Six months before his diagnosis, my teen son indulged in heavy weightlifting exercise. He is tall, athletic, and thin. With a viral infection, we checked his blood sugar and it was 168 mg/dl [9.3 mmol/L], but after a few hours it went to HI. We took him to the hospital and they started him on Lantus and NovoLog. After one week, his readings were back to normal. His C-Peptide was 3.9 and antibody tests were normal, except GAD-65, which was positive. His readings are within the range except, sometimes, his fourth hour reading is around 200 mg/dl [11.1 mmol/L]. His fasting sugars are between 80 mg/dl [4.4 mmol/L] and 120 mg/dl [6.7 mmol/L]. He seems stressed most of the time. Also, they ran a stress test in school and it was 90%. Is this diabetes or is it that his stress hormones are working overtime? He eats well and has even gained weight with no insulin.

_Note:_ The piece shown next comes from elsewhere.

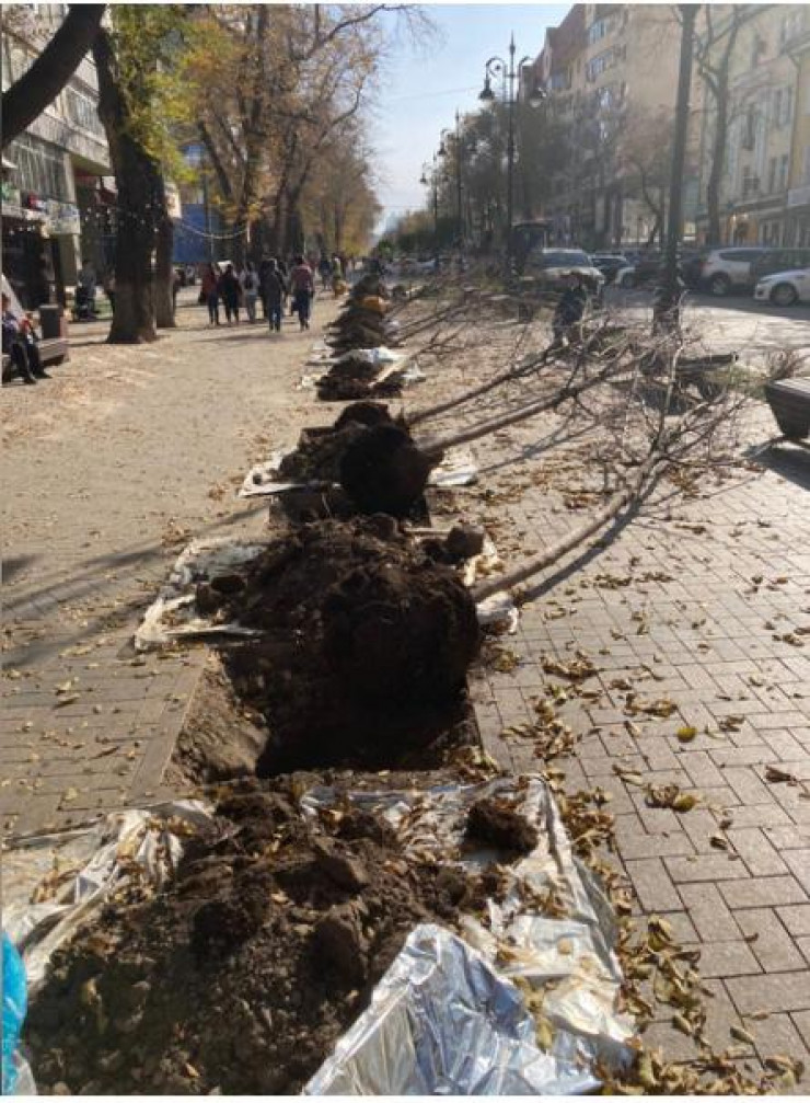 Замену деревьев на Арбате объяснили чиновники Алматы Фото:t.me/kozachkow
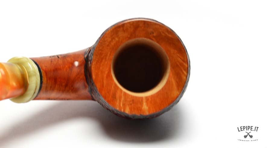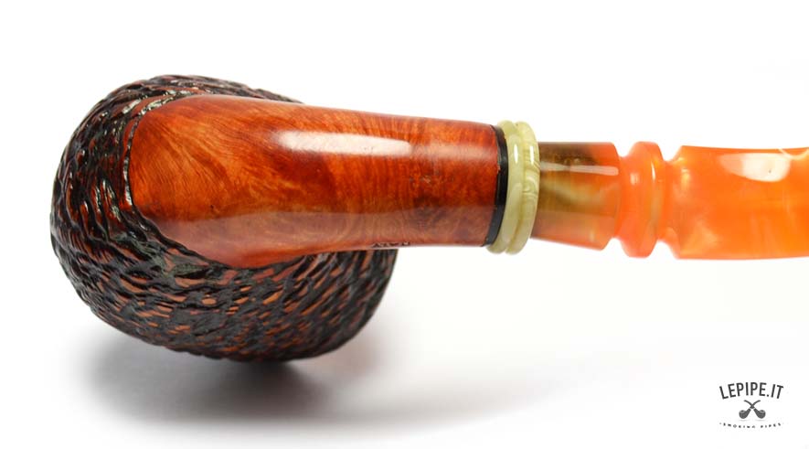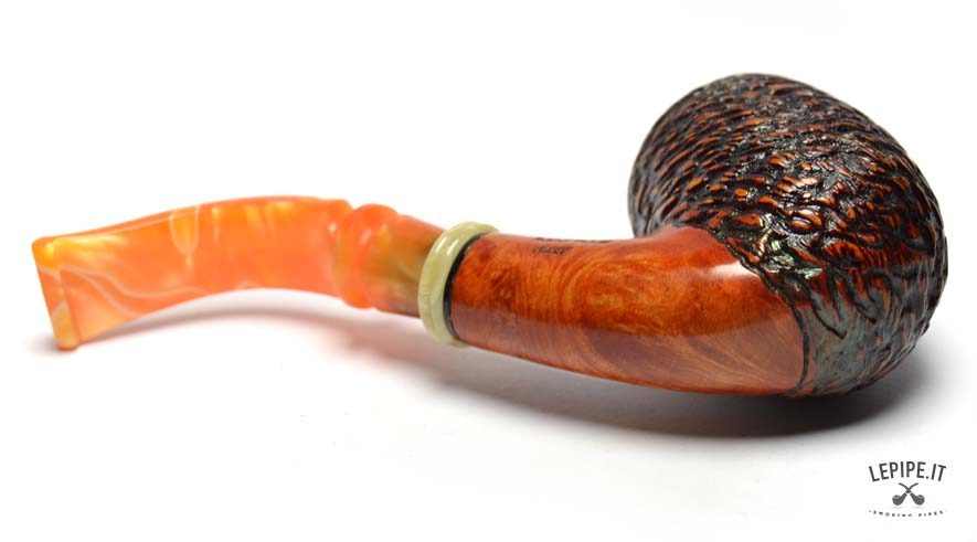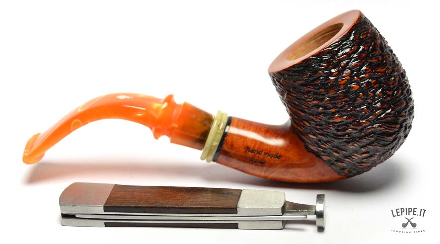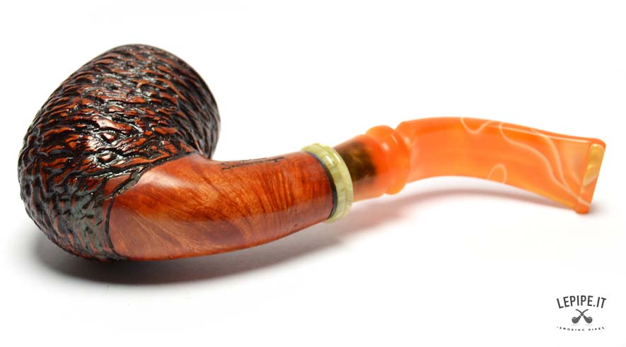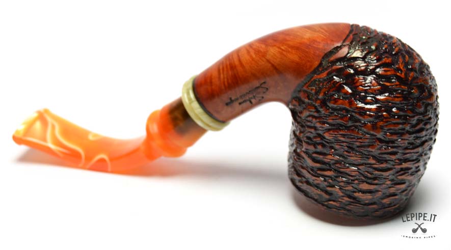 Realizzata a mano da Stefano Santambrogio, questa pipa Bent Billiard presenta una finitura rustica che dona alla radica una texture unica e distintiva. Il bocchino in acrilico arancione, abbinato a un elegante anello in materiale composito, completa il design, mentre la sede per filtro da 9 mm offre la possibilità di personalizzare l'esperienza di fumata.

What is the best treatment for him?

Answer:

From: DTeam Staff

It sounds like his treatment is fine. Stress certainly can raise blood glucose levels, so you may want to have him evaluated to work on relaxation responses. Some call this yoga, some deep relaxation, some self-hypnosis but they are all versions of the same process where one can learn to “turn down” the stress hormones such as adrenaline and thereby lower blood pressure, lower blood glucose levels, etc. If he has antibody positivity, then the calmness of his current blood glucose is not likely to last indefinitely, but resting the damaged pancreas has some long term positive implications for longer stability during this “honeymoon” phase. Positive antibodies in these circumstances would confirm the diagnosis of type 1 autoimmune diabetes.